> _What to do_
Every line in the records below between the one holding "EUC-Floral Button-Up Blouse" and the one holding "СохранитьФотообои на стену", inclusive, is to be set down exactly; all other lines are to be left out.

> _Supplied data_
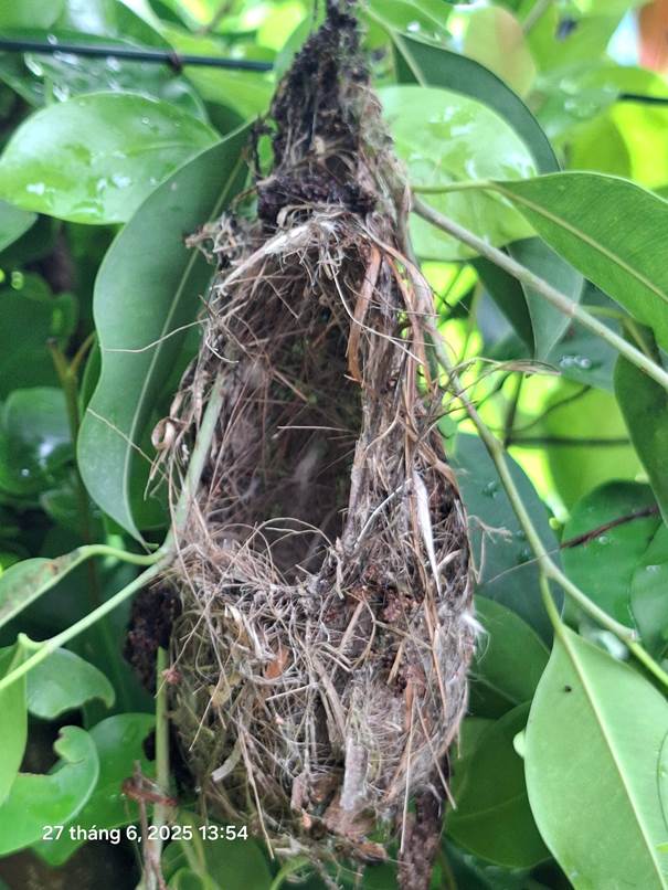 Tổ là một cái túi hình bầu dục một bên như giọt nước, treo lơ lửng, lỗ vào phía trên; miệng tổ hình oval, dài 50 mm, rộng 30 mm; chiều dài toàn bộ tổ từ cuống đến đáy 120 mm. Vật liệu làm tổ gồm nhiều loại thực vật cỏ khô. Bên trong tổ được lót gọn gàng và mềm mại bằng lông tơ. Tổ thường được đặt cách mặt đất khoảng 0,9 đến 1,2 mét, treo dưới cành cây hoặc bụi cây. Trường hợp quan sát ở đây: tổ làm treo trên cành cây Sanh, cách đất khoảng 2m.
* * *
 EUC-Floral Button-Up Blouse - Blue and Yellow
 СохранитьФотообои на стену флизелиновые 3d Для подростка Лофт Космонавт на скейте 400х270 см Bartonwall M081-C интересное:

> _Output of the exercise_
 EUC-Floral Button-Up Blouse - Blue and Yellow
 СохранитьФотообои на стену флизелиновые 3d Для подростка Лофт Космонавт на скейте 400х270 см Bartonwall M081-C интересное:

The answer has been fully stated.